– А геройское звание?
– Мне скоро замена вышла. Планировал в Ленинград, а попал в ЗабВО. Как-то ехал в Москву, в командировку. В Свердловске в купе ко мне подсел полковник. Разговорились. Оказалось – кадровик, тоже бывший «афганец». Мы с ним примерно в одно время за «речкой» служили. Он-то меня и просветил насчёт того представления. Оказывается, прокурор округа вышел на члена Военного совета армии, убедил его позвонить в наградной отдел ЦК и отозвать мое представление…
– Обидно…
– Да нет, по совести если, всё правильно. Это я теперь, спустя время, понимаю: кровавая получилась бы награда, на убийстве замешанная. Такая ни славы, ни счастья не приносит! А Тюнькин был награжден посмертно. И это справедливо. Он и Русаков – люди на войне не последние. Они всю эту бойню, с её грязью и кровью, хоть как-то очеловечивали, и остальным пережить помогали… Жаль, мало таких…
– Отчего же жаль, если без Звезды остался?
– Ну, ты, брат, и вопросы задаёшь! Не маленький, сам знаешь…
Праздничная ночь
Три вещи губят офицерскую карьеру: карты, водка и женщины. Так на заре туманной лейтенантской юности наставлял меня один начальник.
Что касается карт… Опасаюсь азартных игр и никогда не играю (наверное, потому, что сам азартен)… Женщины – это разговор особый (но об этом чуть позже). А водка? Пью по праздникам да и в будний день, если компания стоящая… «Ничто человеческое нам не чуждо», – так, кажется, у классика…
Правда, на службе – ни грамма! Впрочем, грешен, братцы, был один случай – нарушил эту заповедь. И вот по какому поводу…
Несколько лет назад, в канун Восьмого марта, о котором мой преподаватель по академии написал стишок:
Иду домой, несу цветы,
И мысль одна свербит в затылке:
«А вдруг на женский праздник ты
Купить забыла мне бутылку…» —
оказался я и без цветов, и без бутылки – ответственным по политотделу дивизии.
«Дивизия», к слову, одно название – «кадр»: офицеров – полный штат, а солдат и батальона не наберется. Но представительные органы все, честь по чести: штаб, политотдел, партучёт и т. д. и т. п. Вот по этой «куцей» воинской части и заступил я ответственным. Или, справедливее сказать, безответственным, так как никакими уставами пост сей не предусмотрен и не регламентирован, а является изобретением какого-то начальника перестроечной эпохи. На деле всё выглядело так: ходи себе по территории части целые сутки, «пинай воздух» и не мешай дежурному офицеру, который и так заинструктирован до предела (праздник как-никак)…

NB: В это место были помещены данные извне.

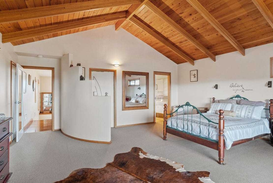 With sea vistas and extensive infrastructure, this is more than just a home; it is a fully realised rural lifestyle many only dream of! At the centre of the property is a bespoke residence featuring a turret-style entry and cathedral ceilings made of Macrocarpa and Tasmanian Oak that create a sense of scale and warmth.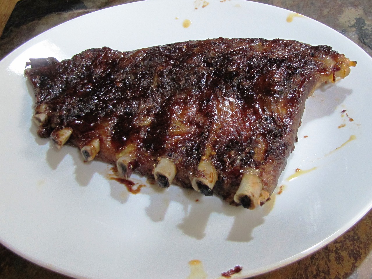 הוצאה מנייר האלומיניום, מריחה ברוטב ברביקיו בטעם מעושן (Sweet Baby Ray's) והחזרה לתנור לשעה נוספת

Но поскольку над каждым «безответственным», по железной армейской логике, должен быть «безответственный» рангом повыше, рядом со мной «пинал воздух» Серёга Игнатенко – командир соседнего полка, тоже «скадрованного». Серёга – подполковник, я – майор, но мы с ним – на «ты». Он мне не прямой начальник. По возрасту – почти ровесники. Да и «афганские» воспоминания связывают. Соратник по праздничной ночи, что надо!
Игнатенко – высокий, широкоплечий блондин, с открытым лицом, кажется этаким добродушным увальнем. Увидишь без формы и регалий – ни за что не поверишь, что в Афгане горным батальоном командовал. Да ещё как! Орден Красной Звезды привез… А сам – ни ранен, ни контужен. Значит, за геройство представлялся и за командирский талант…
Серёга устал от бестолкового брожения первым:
– Слушай, Вить, пора наше патрулирование заканчивать. Бойцы уже давно десятый сон видят. Наряд службу блюдёт. Давай и мы «червячка» заморим…
Мне наше полуночное бдение, честно сказать, тоже порядком обрыдло, поэтому откликнулся с готовностью:
– Нет возражений!
– Тогда потопали в мой кабинет, там теплее.
Кабинеты у нас в одном здании, но на разных этажах: у меня – на первом, у Игнатенко – на втором. Если верить закону физики, гласящему, что тепло поднимается вверх, то у Сереги, точно, должно быть теплее (хотя батареи не греют ни у него, ни у меня).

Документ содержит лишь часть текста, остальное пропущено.